Спустившись в холл, Инин набрал Светлакова.

– Привет, Светлаков! Чем занят?

– Да вот сидим с Валькой пельмени на обед лепим. А тебе чего надо-то?

– В гости на пельмени к тебе хочу.

– Вах! – Светлаков опешил. – Ты чего, Инин, с дуба рухнул? В кои-то веки ты ко мне в гости решил зайти? Тебе ж западло в мою трущобу захаживать!

– В трущобу-то западло, конечно. А вот пельмени пожрать и твою рожу увидать – нет. В пятницу же так и не встретились.

– Как бабка-то твоя, кстати? Здорова?

– С бабкой всё норм.

– Ну лады тогда. Жду. Вот Валька-то удивится!

Через час с небольшим, с двумя коробками «Рафаэлло» для детей и букетом нарциссов для жены друга, Инин звонил в дверь Светлакова.

– Приветствую! Валя, это тебе, – он протянул букет.

– Смотри-ка! Нарциссы от нарцисса, – съязвил Светлаков. – И где он их только зимой раздобыл? Айда на кухню. Валька! Пельмени закидывай!

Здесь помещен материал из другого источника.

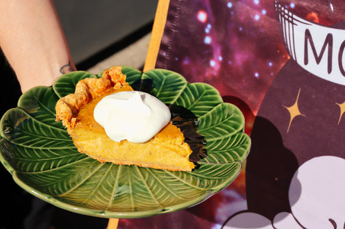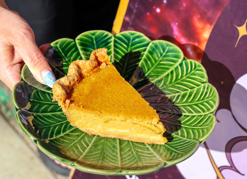 9" pie filled with Kiowa Valley Organics pumpkin and brown butter custard. The crust is made from butter and 100% White Sonora flour grown in Colorado.

По кухне витал аппетитнейший дух пельменного бульона. Блюдо с самими пельменями, с плавящимся на них сливочным маслом, приправленное перцем-горошком и лавровыми листьями, стояло по центру стола. Валя шумовкой раскладывала пельмени по тарелкам – мальчишкам – Ваське и Димке, Инину, Светлакову. Здесь пахло не только пельменным бульоном, здесь пахло тихим уютом и простым человеческим счастьем. На какой-то миг Инин опять позавидовал другу. Но как только осознал это чувство, стряхнул его, сбросил, как сбрасывают с себя дурманящий морок, отшатнулся, как от чумы…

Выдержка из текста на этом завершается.